И, наконец, блистательный финал «99 франков», ради которого Бегбедеру пришлось расщепить свое художественное ego на Марка и Октава: Октав со своим коллегой прямо в момент вручения каннского «льва» задерживаются полицией по обвинению в убийстве – некоторое время назад они действительно убили американскую пенсионерку, увидев в ней (потому что американка, потому что деньги пенсионного фонда качаются из развивающихся стран!) виновницу всех сегодняшних бед человечества. Марк же, не вынеся счастливой и бездеятельной жизни в «райском уголке», дает увлечь себя морскому течению и тонет. Эта концовка многое дает нам для понимания Бегбедера. Он не видит выхода. Он обреченно понимает, что Октав-Марк-Фредерик способен только на отказ от борьбы (лишь бы только обрести покой – иллюзорный, который все равно ведет к гибели) или на такой жуткий карикатурный протест, который испортит стены и зеркала в корпоративном сортире и лишит жизни старушку, но оставит на своих местах главных виновников уродства и нищеты мира. Других вариантов для Бегбедера нет. Именно поэтому первую главу «99 франков» он начинает словами Фасбиндера : «То, что невозможно изменить, нужно хотя бы описать».

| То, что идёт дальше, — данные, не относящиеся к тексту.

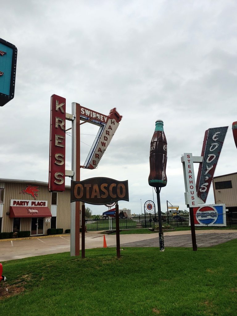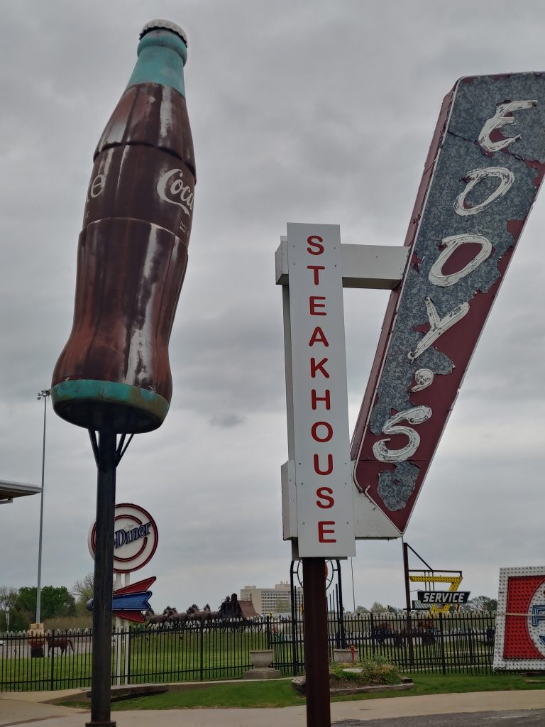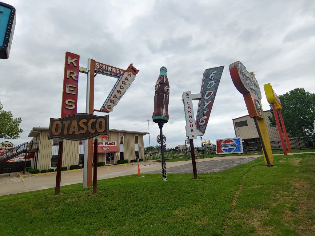 Returning back to our Airbnb after an adventure one day, we spotted some cool metal sculptures along the side of the freeway. While the giant buffalo sculptures were cool, what was even cooler was what we saw beyond the artwork… an explosion of vintage signs. We had to get closer!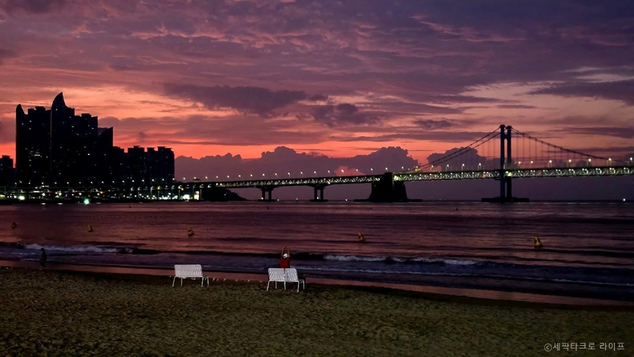 광안리 해변 의자에서 둘 팔 벌려 기지개를 펴면서 아침 해를 맞이하는 모습 시간이 흐르면서 하늘에 붉은 융단이 펼쳐지듯 온 도시가 붉은 기운으로 감도는 듯 한 동화 속 분위기가 연출되었다. 솔직히 아침 노을이 주는 신비로움이 이정도일 줄 믿기 어려울 정도였다.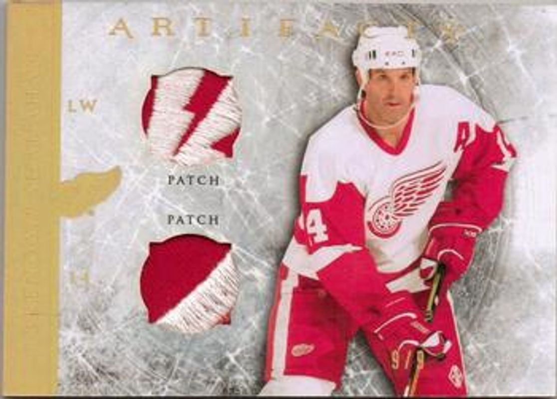 The Brendan Shanahan 2012 Upper Deck Artifacts #7 Jersey Patch Gold Spectrum Horizontal /9 card is 1 of 16 Brendan Shanahan's card variations in the 2012 Upper Deck Artifacts set being tracked by Sports Card Investor, including Base /699, Emerald /99, Sapphire /85, Gold Spectrum /25, and Black /5.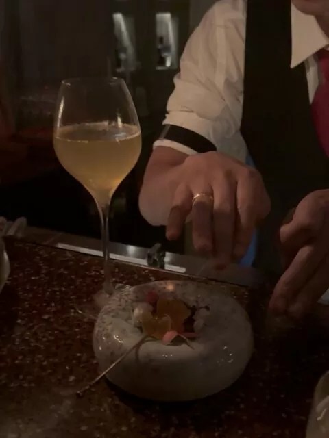 白ワインをベースに、レモンリーフの蒸留液、柚子、コンブチャ、酸味成分、炭酸を合わせたカクテルで、白ワインをベースにピーチっぽいニュアンスへ寄せた一杯なのかなと思った。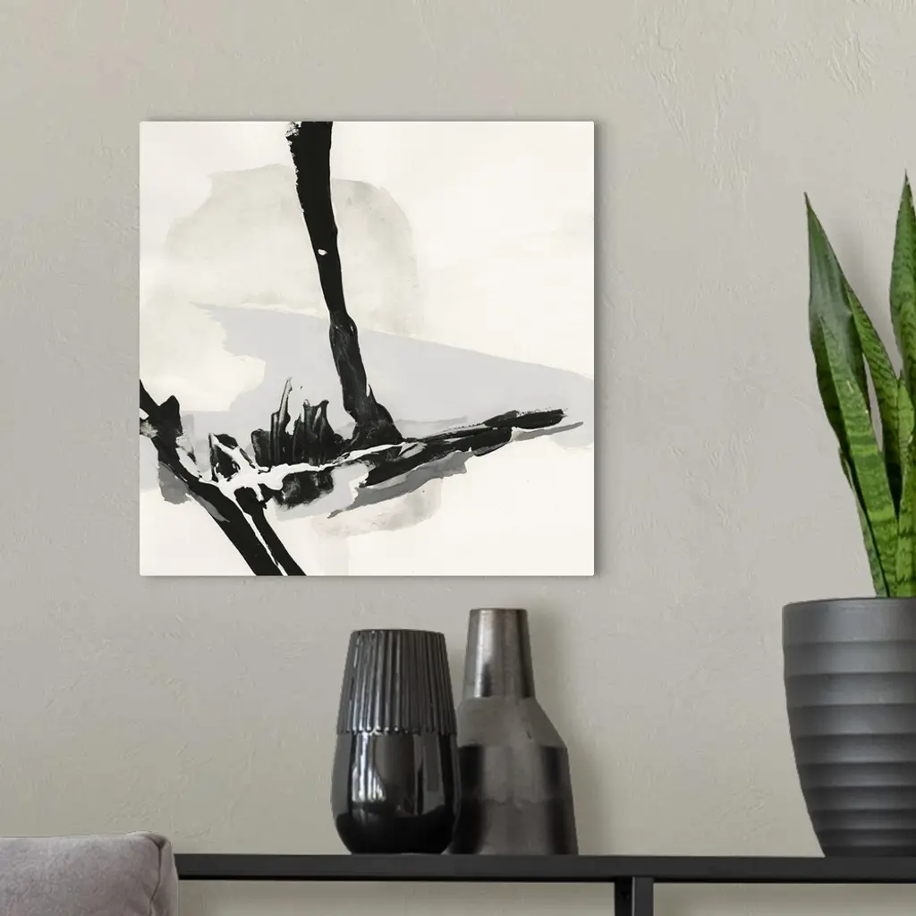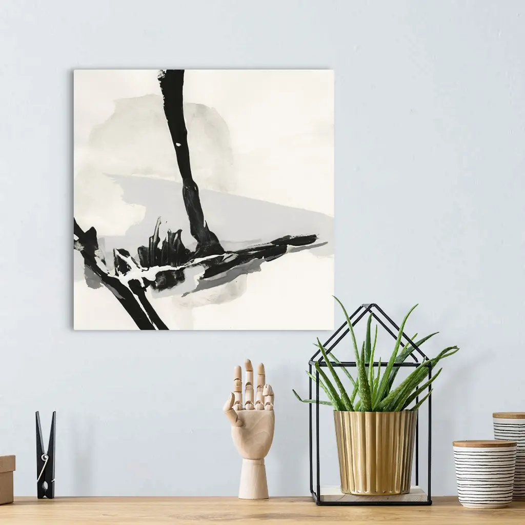 Square black, white, gray, and cream abstract painting with a bold vertical and horizontal thick black lines joined together creating movement.
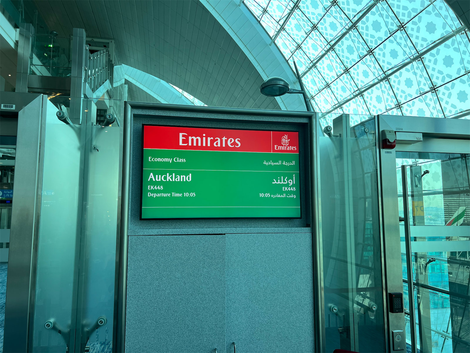 Wenn man freitags in den Flieger steigt, samstags in Dubai umsteigt, weiterfliegt und sein Ziel Auckland erst am Sonntag erreicht, dann ist das Schreiben ins Reisetagebuch nicht ganz so einfach. Immerhin bewegt man sich permanent durch die einzelnen Zeitzonen. Gefühlt ist der Körper immer woanders, als der Geist und am Ende sind wir 12 Stunden in der Zukunft. Also natürlich von zu Hause aus gesehen. Nachdem wir tatsächlich gestern Richtung Dubai nach dem recht späten Abendessen die Augen zugemacht hatten, konnten wir etwas schlafen. Die Landung in Dubai war dann fast 30 Minuten vor der geplanten Zeit. Am Dubai Airport angekommen hatten wir einen weiten Weg vor uns. Erst einmal von ganz hinten raus aus dem Flieger und dann von Terminalbereich C zu A. Dazwischen, also zwischen dem ganzen Laufen, war auch eine kurze Zugfahrt. Am Gate angekommen gab es dann einen Kaffee und wir haben uns etwas die Beine vertreten. Beim Boarding waren wir wieder mit die Ersten und haben unsere Plätze in der Premium Economy Class vorne auf dem Hauptdeck eines Airbus A380 eingenommen. Dies ist der erste PremEco Flug mit Emirates und uns gefällt es richtig gut. Schöne, bequeme breite Sitze, ausreichend Platz und die Rückenlehne geht schön weit nach hinten. Dazu einen großen Monitor, guten Service und alles sieht auch noch schick aus. Nach dem fast pünktlichen Start gab es einen Aperitif von der Bar und anschließend Lunch. Steffi hatte das Chicken und ich Prawns…sehr gut. Dazu gab es ein Glas Chardonnay, danach immer wieder schlafen und Film schauen im Wechsel. Nach zwei Filmen haben wir dann ein ganzes Stück geschlafen, aufgewacht bin ich, als wir schon längst an Perth vorbeigeflogen waren und östlichen Kurs Richtung Neuseeland hatten. Am Abflugort Dubai war es da noch Samstag, die aktuelle Ortszeit aber schon Sonntag. Ich habe ja gesagt, dass es etwas kompliziert ist. Ich habe dann noch meinen dritten Film geschaut und mich im Anschluss frisch gemacht. Hier endet nun der Samstag und ich schreibe dann ab Sonntag in Neuseeland weiter.
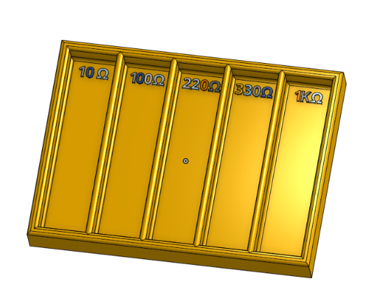 Hộp / Khay đựng điện trở 10 & 5 khe. Kích thước 18cm x 6.8cm. Tôi dùng sợi dây thun bản rộng để đóng nắp cho mấy cái nhỏ.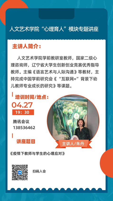 为切实推进心理辅导、实践活动、咨询服务、预防干预、实施保障“五位一体”的心理育人工作机制,4月27日,人文艺术学院开展了以《疫情下教师与学生的心理应对》为主题的专题心理育人讲座。讲座由人文艺术学院院长唐羽教授主持,国家二级心理咨询师朱丹老师主讲,学院全体教师参加。

«Франки» оставляют еще одно ощущение – ощущение того, что это апогей бегбедеровского творчества. Поскольку его художественная логика диктуется одной безысходностью, дальше может быть лишь продолжение истерики – кто так подумал, закрывая opus magna, оказался прав. Вышедшие по-русски последними из произведений писателя «Windows on the world» служат подтверждением. «Windows on the world» - роман о родителе, который 11 сентября 2001 года решает посетить с двумя сыновьями ресторан-эпоним, расположенный на самом верху одной из башен-близнецов Всемирного торгового центра. Они приходят туда рано утром – дальнейшее очевидно. Тема, казалось бы, из тех, которые принято описывать как «есть где развернуться», тем более для Бегбедера. Но вы не найдете в книге хоть какого-нибудь анализа ситуации, приведшей к террористической авиационной атаке – пусть даже насквозь эмоционального. Роман о том, как страшно умирать, как страшно наблюдать за чужой смертью, как страшно видеть, что твои прогнозы насчет апокалипсиса сбываются – иными словами, это всего лишь мелодрама, пытающаяся укрыть дешевую мелодраматическую сущность за необычно масштабной тематикой, а также фирменным стилем и репутацией автора. Избранная Бегбедером позиция не могла привести ни к чему другому. Можно надеяться на какой-то подъем, но вряд ли надежды оправдаются: Бегбедер – собственный персонаж. В этом его особая ценность, в этом причина его краха.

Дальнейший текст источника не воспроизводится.